### ACTIVITY
Ignore the pictures in the data below and set down exactly the lines from its first line through the line containing "ECA Group's identifying ROV: SEASCAN MK2".
++++
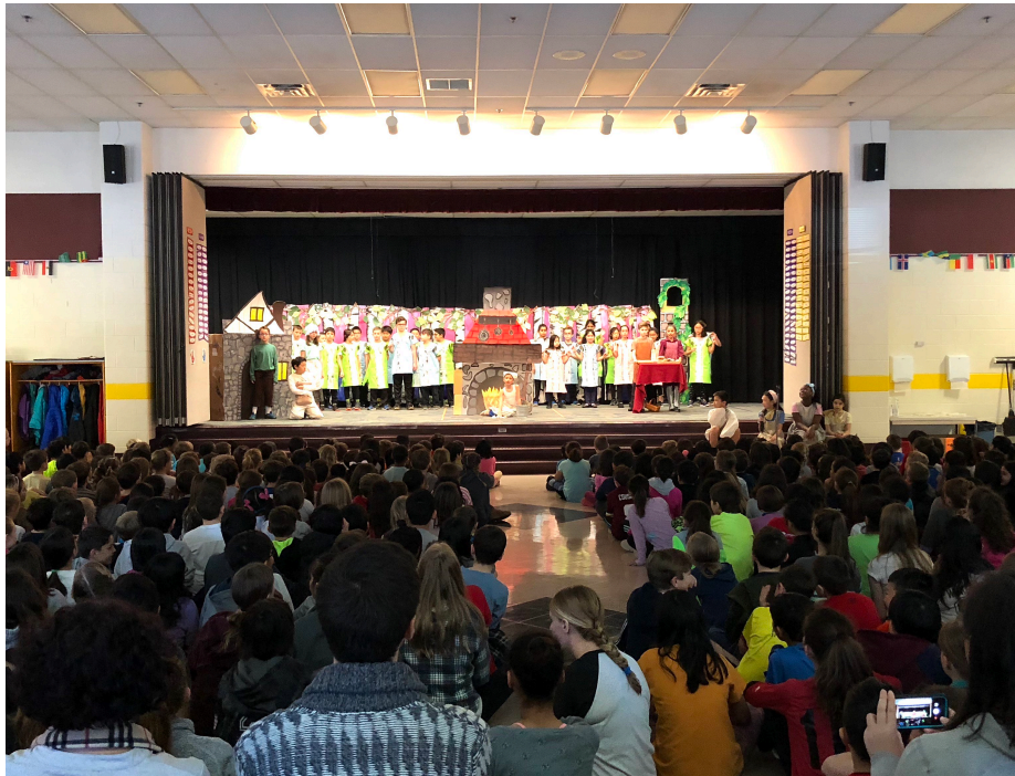
The Gold Cast performs for a packed auditorium during the school day in the cafeteria.

Props are well-deserved for the Baker's Wife (Meera) because she
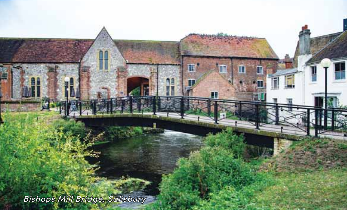
Bishops Mill Bridge, Salisbury
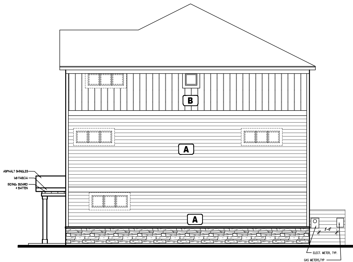
2 Right Elevation - Opt Stone Loc. B 1/8"=1'-0"
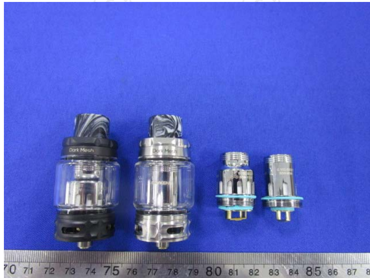
Dark Mesh Tank with 0.15 \Omega (Triple coils edition) 90W/0.15 \Omega (Single coil edition) 65W
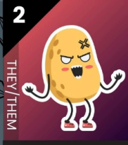
SHOVE ME 2X
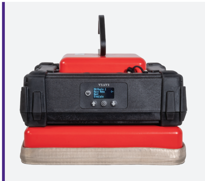
OSPREY Standalone GPS Simulator

The OSPREY GPS Simulator Controller can also be purchased and used without the VIAVI GPS coupler, for use with your existing coupler or via direct connect.
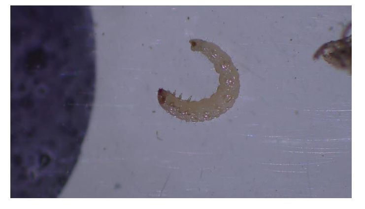
Figure 6. Neonate larva.
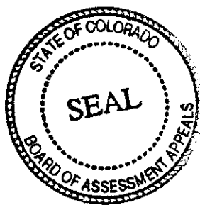
Toni Rigirozzi Toni Rigirozzi
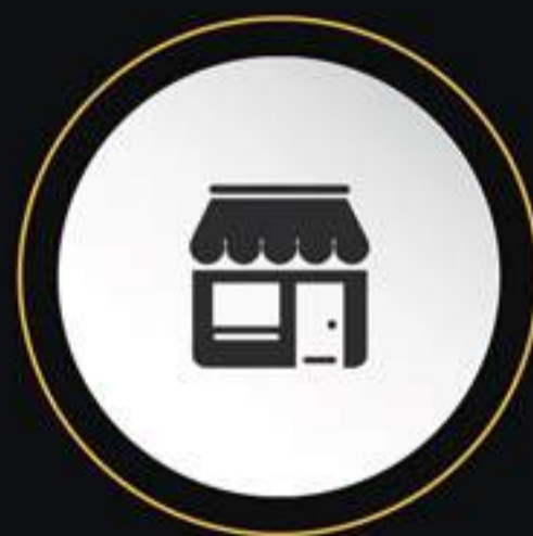
Non Food Retail Outlets
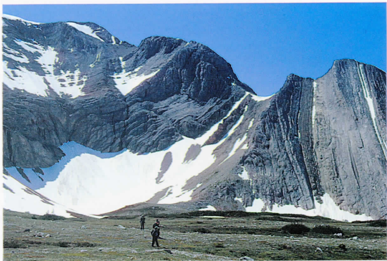
Hiking Mount Wapiti
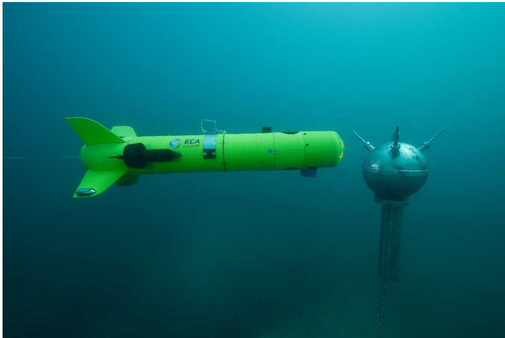
ECA Group's identifying ROV: SEASCAN MK2

As false alarms are not a rare occurrence in the subsea environment, it proved necessary to design a re-usable identification vehicle, without a shaped charge , derived from the combat minekiller for the sole purpose of identifying underwater objects or mines before eventually neutralising them. ECA Group has developed the K-STER I and the SEASCAN for this purpose.
++++
### REPLY TO THE TASK
The Gold Cast performs for a packed auditorium during the school day in the cafeteria.

Props are well-deserved for the Baker's Wife (Meera) because she
Bishops Mill Bridge, Salisbury
2 Right Elevation - Opt Stone Loc. B 1/8"=1'-0"
Dark Mesh Tank with 0.15 \Omega (Triple coils edition) 90W/0.15 \Omega (Single coil edition) 65W
SHOVE ME 2X
OSPREY Standalone GPS Simulator

The OSPREY GPS Simulator Controller can also be purchased and used without the VIAVI GPS coupler, for use with your existing coupler or via direct connect.
Figure 6. Neonate larva.
Toni Rigirozzi Toni Rigirozzi
Non Food Retail Outlets
Hiking Mount Wapiti
ECA Group's identifying ROV: SEASCAN MK2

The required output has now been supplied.